Code Monkey home page Code Monkey logo

Comments (18)

czojo26 avatar czojo26 commented on May 22, 2024 1

Hi, I am Michał and I would like to contribute to this project. This is the first problem I would like to solve,
but I am not sure where this JUnit should be placed. In which module such test would fit?

from languagetool.

danielnaber avatar danielnaber commented on May 22, 2024

Thanks for your interest in LT. You could place the test in languagetool-standalone, like this test: https://github.com/languagetool-org/languagetool/blob/master/languagetool-standalone/src/test/java/org/languagetool/JLanguageToolTest.java#L40

from languagetool.

janschreiber avatar janschreiber commented on May 22, 2024

Maybe this excellent idea can be expanded to run checks on the (supposedly) correct example sentences as well?

from languagetool.

EgorNemchinov avatar EgorNemchinov commented on May 22, 2024

Hello! May I take this issue?

from languagetool.

danielnaber avatar danielnaber commented on May 22, 2024

Hello! May I take this issue?

Sure! Let us know here or on the forum if you have questions.

from languagetool.

EgorNemchinov avatar EgorNemchinov commented on May 22, 2024

@danielnaber, My questins are rather concerning the understanding of LT basics.
There are rules in languagetool-core, which extend "Rule" class. What is title of a rule here? What does "in particular in XML pattern rules" mean? I want to understand what does title and message mean applied to Rule class.
And the task is to apply all rules to titles of each of these rules?

There's a lot of documentation, it would be wonderful if you could guide me what to explore firstly.
Any information would be appreciated. Thank you

from languagetool.

danielnaber avatar danielnaber commented on May 22, 2024

title is a string shown in the configuration dialog where users can enable/disable rules. message is the string (often with a variable) that is shown to the user when a potential error is found.

And the task is to apply all rules to titles of each of these rules?

Basically yes, but as titles are not complete sentence, we need to see if it makes sense. Maybe some rules are just not useful for this use case.

from languagetool.

EgorNemchinov avatar EgorNemchinov commented on May 22, 2024

All right, I can tell a little about my intermediate results. I analysed descriptions of English rules with the rules themselves.

There are cases, when this approach finds errors, for example:
Phrase: Space character at the begin of paragraph
Rule: a/the + infinitive

Yes, often rules that must be applied to whole sentence don't make sense here (like UPPERCASE_SENTENCE_START, SENTENCE_FRAGMENT). But let's suppose we can filter the rules by some category (I haven't explored embedded categories yet).

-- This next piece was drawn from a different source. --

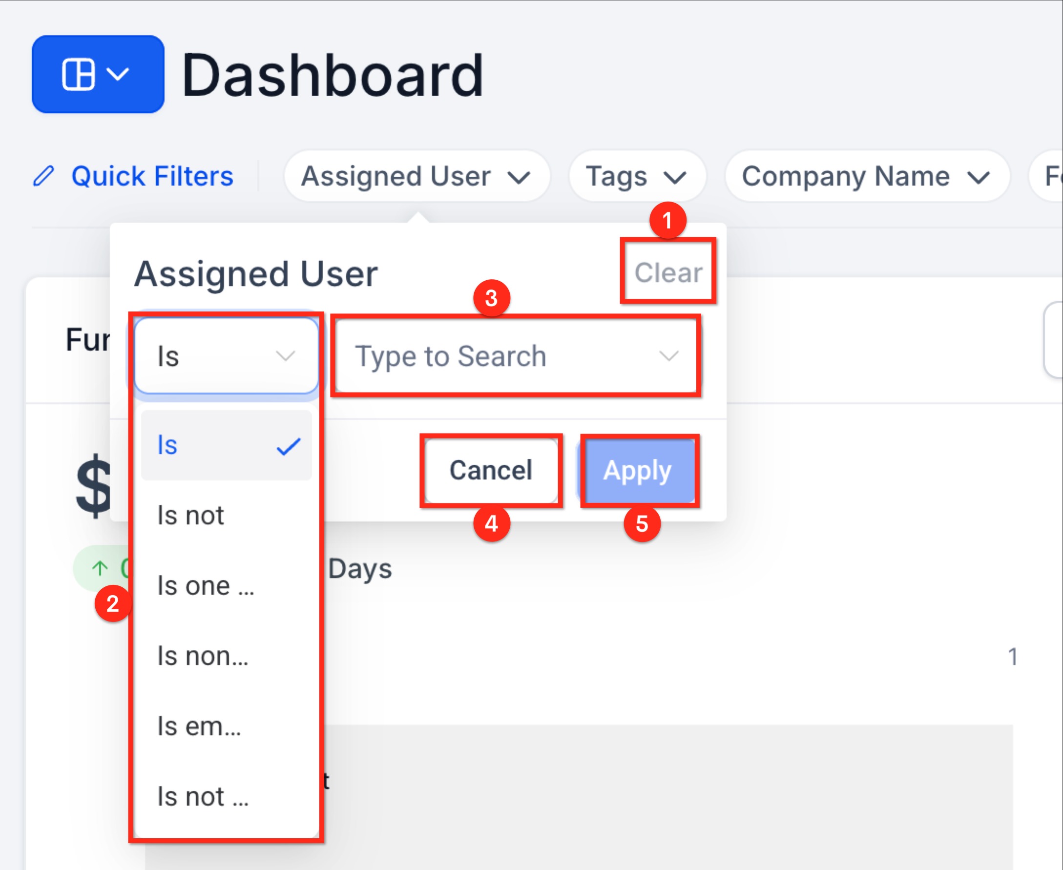 • "Is" - Click to set quick pill to [data source] IS [one or more data].

There is a problem with indeterminacy of using brackets and overall pattern of writing bad and good samples in titles.
Sometimes brackets are used to explain the rule:

  • Example №1: Who + verb (who know's/knows)
  • Example №2: whos NN (possessive)
    But mostly brackets are used to show the right way:
  • Example №1: could of (could have)
  • Example №2: must be do (done)
    Similar thing applies to quotes, here are different use cases:
  • Example №1: we'Re' (we're) etc
  • Example №2: Replace '12 pm' with 'noon'
  • Example №3:Agreement: 'I is / you is / ... ' (at sentence start only)

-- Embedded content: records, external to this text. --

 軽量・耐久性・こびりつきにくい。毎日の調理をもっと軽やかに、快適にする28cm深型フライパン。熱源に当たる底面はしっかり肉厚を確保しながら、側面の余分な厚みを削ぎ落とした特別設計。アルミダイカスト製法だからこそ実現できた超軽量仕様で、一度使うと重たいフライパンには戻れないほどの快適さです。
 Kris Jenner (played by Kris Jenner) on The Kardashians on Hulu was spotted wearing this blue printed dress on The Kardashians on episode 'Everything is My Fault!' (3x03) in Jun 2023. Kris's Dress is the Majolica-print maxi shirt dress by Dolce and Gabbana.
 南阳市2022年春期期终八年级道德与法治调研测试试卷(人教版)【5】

I'll continue exploring this, but for now it's clear there are a lot of cases to be considered
By the way, It seems to me that some rules are incorrectly applied, but I'll look into that more carefully

from languagetool.

danielnaber avatar danielnaber commented on May 22, 2024

Thanks for the update. It probably makes sense to focus on messages first, and care about titles later.

from languagetool.

EgorNemchinov avatar EgorNemchinov commented on May 22, 2024

Hey! Sorry, last few days had been at a hackathon.
May I ask for an advice? How should I extract message from Rule object?
RuleMatch has .getMessage() method, but Rule doesn't.
Am I missing something obvious? Should I look into rules in XML format?

from languagetool.

danielnaber avatar danielnaber commented on May 22, 2024

The message indeed doesn't depend on the rule but on the specific match. You can load the rules using org.languagetool.rules.patterns.PatternRuleLoader, each rule has at least one incorrect example which you can run to get a match with its message. (Not sure now if you even need PatternRuleLoader or whether you can iterate the rules of a language.)

from languagetool.

EgorNemchinov avatar EgorNemchinov commented on May 22, 2024

Thanks, will try!

from languagetool.

EgorNemchinov avatar EgorNemchinov commented on May 22, 2024

Even though there is a lot of noise, i.e. found RuleMatches aren't really caused by mistake, but rather based on Rules' messages properties, there is some signal.
Also there are a lot of repeated whitespaces, unpaired brackets and suggestions to replace simple quotes with smart ones.
What I did is run all rules on a Rule message and excluded matches that were in the . Also I need to exclude the ones in single quotation marks

For example

  1. The term 'Anglo-Saxon' is generally used to describe 'a member of any of the West Germanic tribes
    Message: Consider simply using of instead
    • in the English speaking world*
      Message: Did you mean the adjective English-speaking?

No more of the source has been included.